[PyTorch Convolution] Practical customized image classification

Foreword

Convolutional neural network is a type of feedforward neural network that contains convolutional calculations and has a deep structure. It is one of the representative algorithms of deep learning. It can effectively process through convolutional layers, pooling layers, fully connected layers and other structures. Such as time series and picture data, etc. There are many concepts about convolution on the Internet, so I won’t describe them one by one here. Of course, we must start from actual problems and use code to deepen our impression. Before writing the code, let me first talk about why I want to write this article?

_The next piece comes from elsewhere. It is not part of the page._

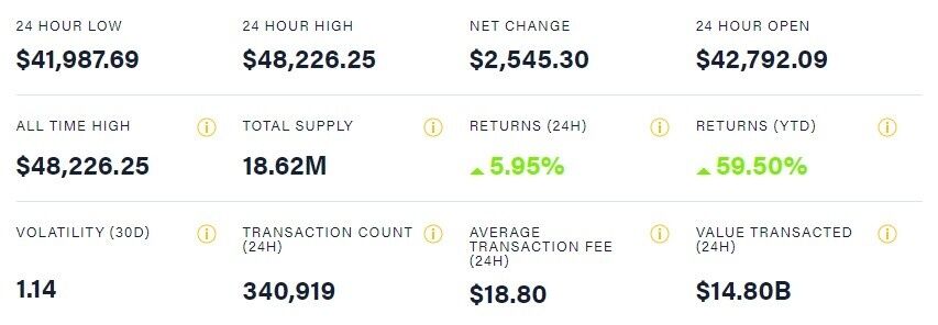 Біткоін встановив новий рекорд, побивши позначку $48 тис.

I also used Tensorflow.js to try image classification with others before. Although the results were obtained, my understanding and impression of the code were not deep. Later, I came into contact with PyTorch due to work and business reasons, and found that this framework was easier to use. After a while, I wanted to use this to classify the pictures I had used before. At the beginning, I also read the article to implement it, but most of the online handwriting recognition is implemented using the MNIST data set, and sometimes in the business, it is some designated irregular niche image recognition, so the following is a simple implementation of a custom image set classification .

Process

Collect and classify pictures according to your own definition
Read image data and classification labels, and save the data set
Fixed image size (will be deformed), normalized to tensor
Define hyperparameters, loss functions, optimizers, etc.
Alchemy, repeatedly check the loss value accuracy and other indicators
Save the model parameters and load the test image classification effect

Environment

Python 3.8
Torch 1.9.0
Pillow 10.0
Torchvision
Numpy
Pandas
Matplotlib

Encoding

Before writing the code, the required images have been classified, and the above dependency packages have been installed. Since it is just a demonstration here, no pre-trained models (ResNet, VGG) are used, because Tensor is used for training, so the pictures in the folder need to be read first and converted into PIL object data or Numpy data, and then the pictures can be processed Adjust, and finally convert everything to Tensor (you can also skip PIL and convert directly to tensor). What needs to be noted here is the unified processing of gray image channels and images of different sizes. That is, the single channel of the gray image needs to be copied to create three channels, so the images are set to the same pixel size. Because in a convolutional network, the number of input channels and the input size must be consistent, otherwise errors may be reported during training.

Image data generation

This is to traverse the images in each category folder and convert them into object information data, extract all categories, and save them to designated locations respectively. Of course, you can also divide the training data, verification data, and test data here. If you need it, you can expand it and skip it here. .

# -*- coding: utf-8 -*-
import os
import pickle as pkl
import pandas as pd
from PIL import Image

all_cate = []
data_set = []
directory = "./data/train"
for index, data in enumerate(os.walk(directory)):
    root, dirs, files = data

    if index == 0:
        all_cate + = dirs
    else:
        sorted(all_cate)

        root_names = root.split("\")
        dir_name = root_names[-1]

        for img in files:
            img_path = root + "\" + img
            img_np = Image.open(img_path)
            dict = {}
            dict['img_np'] = img_np
            dict['label'] = all_cate.index(dir_name) + 1
            data_set.append(dict)

# Dictionary to DataFrame
df = pd.DataFrame(data_set)
pkl.dump(df, open('data/train_dataset.p', 'wb'))
open("data/all_cate.txt", encoding="utf-8", mode="w + ").write("\\
".join(all_cate))

print("Archiving data successfully~")

Batch data set standardization

Here, the serialized image information is read, the pixels of all images are unified (generally, it is best to configure the computer within 100px, otherwise it will be very stuck) and standard normalized, and then converted into Tensor. Then determine the number of image channels. If it is a gray image, you can copy the tensor three times to create three channels. Finally, use torch’s DataLoader to complete the loading of the data set before training.

# -*- coding: utf-8 -*-
import torch
from torchvision import transforms
import pickle as pkl
from torch.utils.data import Dataset

class DataSet(Dataset):

    def __init__(self, pkl_file):
        df = pkl.load(open(pkl_file, 'rb'))
        self.dataFrame = df

    def __len__(self):
        return len(self.dataFrame)

    def __getitem__(self, item):

        img_np = self.dataFrame.iloc[item, 0]
        label = self.dataFrame.iloc[item, 1]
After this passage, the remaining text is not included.